* WHAT IS EXPECTED
For the data below, restate word for word only the lines from the line containing "My daughter and" through the line containing "Sono apparse nel", both ends included.

#### PROVIDED RECORDS ####

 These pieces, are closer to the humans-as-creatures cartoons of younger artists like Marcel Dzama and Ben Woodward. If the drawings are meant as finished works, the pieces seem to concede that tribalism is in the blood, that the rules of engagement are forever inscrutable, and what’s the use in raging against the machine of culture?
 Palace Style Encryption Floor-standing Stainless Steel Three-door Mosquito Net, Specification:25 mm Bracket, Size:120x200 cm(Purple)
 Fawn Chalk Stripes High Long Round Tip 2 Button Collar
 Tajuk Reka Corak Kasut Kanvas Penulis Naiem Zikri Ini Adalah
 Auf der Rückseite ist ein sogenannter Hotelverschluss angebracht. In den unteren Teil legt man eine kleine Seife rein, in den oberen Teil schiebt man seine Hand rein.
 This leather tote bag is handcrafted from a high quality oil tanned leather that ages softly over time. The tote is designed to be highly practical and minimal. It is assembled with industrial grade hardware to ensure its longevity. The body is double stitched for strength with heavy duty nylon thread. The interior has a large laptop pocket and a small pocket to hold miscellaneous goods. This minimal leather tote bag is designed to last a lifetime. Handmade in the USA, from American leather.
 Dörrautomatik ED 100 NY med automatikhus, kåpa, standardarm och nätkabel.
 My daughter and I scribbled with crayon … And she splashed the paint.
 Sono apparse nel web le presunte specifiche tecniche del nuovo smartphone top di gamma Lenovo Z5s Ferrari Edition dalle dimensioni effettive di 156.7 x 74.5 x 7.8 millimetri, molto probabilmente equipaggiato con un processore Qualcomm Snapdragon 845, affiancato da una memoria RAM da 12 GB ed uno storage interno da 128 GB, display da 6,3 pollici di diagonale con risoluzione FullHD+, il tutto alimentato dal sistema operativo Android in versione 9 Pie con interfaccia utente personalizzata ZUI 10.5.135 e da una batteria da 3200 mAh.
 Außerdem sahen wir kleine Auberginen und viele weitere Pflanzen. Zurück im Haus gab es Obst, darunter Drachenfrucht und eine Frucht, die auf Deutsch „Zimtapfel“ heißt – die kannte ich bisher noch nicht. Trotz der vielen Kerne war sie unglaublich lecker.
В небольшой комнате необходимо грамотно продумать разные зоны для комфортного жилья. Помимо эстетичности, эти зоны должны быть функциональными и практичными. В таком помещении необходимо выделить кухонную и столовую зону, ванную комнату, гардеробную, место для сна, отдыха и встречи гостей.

####

* WRITTEN RESPONSE
 My daughter and I scribbled with crayon … And she splashed the paint.
 Sono apparse nel web le presunte specifiche tecniche del nuovo smartphone top di gamma Lenovo Z5s Ferrari Edition dalle dimensioni effettive di 156.7 x 74.5 x 7.8 millimetri, molto probabilmente equipaggiato con un processore Qualcomm Snapdragon 845, affiancato da una memoria RAM da 12 GB ed uno storage interno da 128 GB, display da 6,3 pollici di diagonale con risoluzione FullHD+, il tutto alimentato dal sistema operativo Android in versione 9 Pie con interfaccia utente personalizzata ZUI 10.5.135 e da una batteria da 3200 mAh.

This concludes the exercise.